How Australia becomes a global leader in digital innovation
It’s easy to be pessimistic when the latest global rankings on innovation come out, but we actually have a lot to be positive about. When it comes to emerging digital technologies, Australia is performing rather well.
Take artificial intelligence as an example.
Stanford’s Global AI Vibrancy Index ranks Australia 8th in the world, and a composite index on AI readiness based on Oxford Insights ranks us 11th. Nature Index ranks four of our Universities in the top 100 globally for AI.
And in some areas, we can legitimately consider ourselves world-dominant – the Australian Institute for Machine Learning, for example, claims to rank 2nd in the world for computer vision.
There are similar successes in other emerging technologies – Australia has world class quantum technology capabilities, for example, with citations 60 per cent higher than global average and an emerging and maturing quantum industry right here in Australia.
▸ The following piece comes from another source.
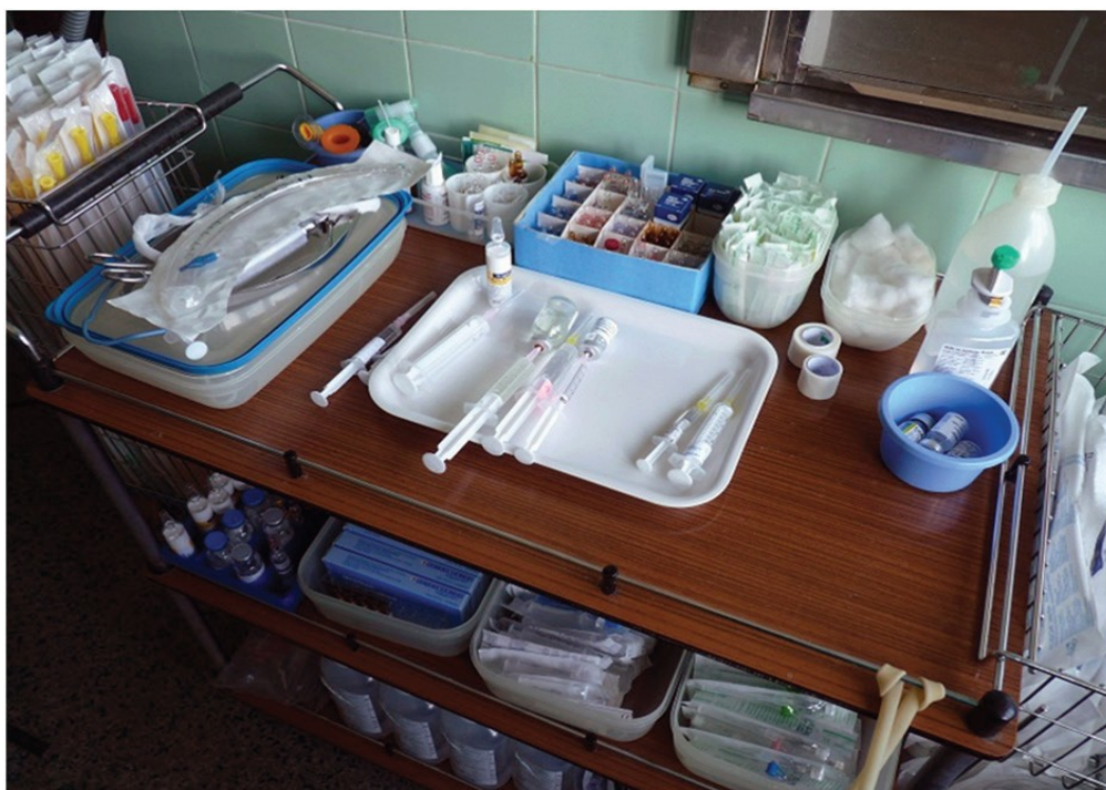
Slika 5. Anesteziološki stolić u operacijskoj dvorani (1)

Anesteziološki stolić dio je opreme kojim se anesteziološki tim koristi u operacijskoj dvorani, a sadrži lijekove, infuzijske otopine, pribor za uspostavljanje dišnog puta, pribor za uspostavljanje intravenskog puta i primjenu intravenskih lijekova, aspiracijske katetere, želučane sonde i ostali potrošni materijal, posebice materijal potreban za rad u aseptičnim uvjetima (kape, maske, sterilne rukavice i dezinficijense ubodnog mjesta) (slika 5). Anesteziološka medicinska sestra/tehničar priprema sve lijekove neposredno prije upotrebe, slaže ih po dogovorenom rasporedu, označava s nazivom lijeka i količinom u miligramu/mililitru. Medicinska sestra/tehničar priprema setove za anesteziju, koji mogu biti gotovi tvornički setovi (najčešće za regionalnu anesteziju) i bolnički pripremljeni setovi, koji se steriliziraju u centralnom odjelu za sterilizaciju nakon pripreme od strane medicinske sestre. Ispravnost sterilizacije (indikator sterilizacije), datum sterilizacije te sadržaj seta kontroliraju specijalista anesteziologije, reanimatologije i intenzivnog liječenja i anesteziološka medicinska sestra/tehničar (1).

Recently, an Australian team competed globally at the DARPA SubT Challenge in the US, developing teams of robots for autonomous underground exploration, and claimed a silver medal – tied for points and in a photo finish for first.
There are reasons to be optimistic.
There are, of course, areas for improvement – and it cannot be denied. We see this even in our strength areas such as AI – Australia invests only around 0.3% of the total global AI investment. In particular, seed and angel investment per capita in Australia has fallen for the past three years.
To overcome these limitations, we need to focus on four key things.
First, we need to get away from our natural tendency towards fragmentation in the digital ecosystem. We are a small country. But, for some reason, we seem to adopt a silo-ed approach when it comes to digital.
Whether in AI, cybersecurity or robotics, we have pockets of excellence but a natural inclination to divide and conquer ourselves rather than to join forces. Indeed, this need to avoid fragmentation was one of the driving motivations behind Australia’s new National AI Centre.
With such strength in AI, we have the potential to be leading on the world stage. But we are too much divided into factions right now, and to achieve our potential, we need to bring together the entire AI ecosystem, whether that be universities and research institutes, business or government.
The new National AI Centre will see $53M invested into Australian AI with a focus on how we can translate AI innovation into practice and how we can support Australian business to adopt AI.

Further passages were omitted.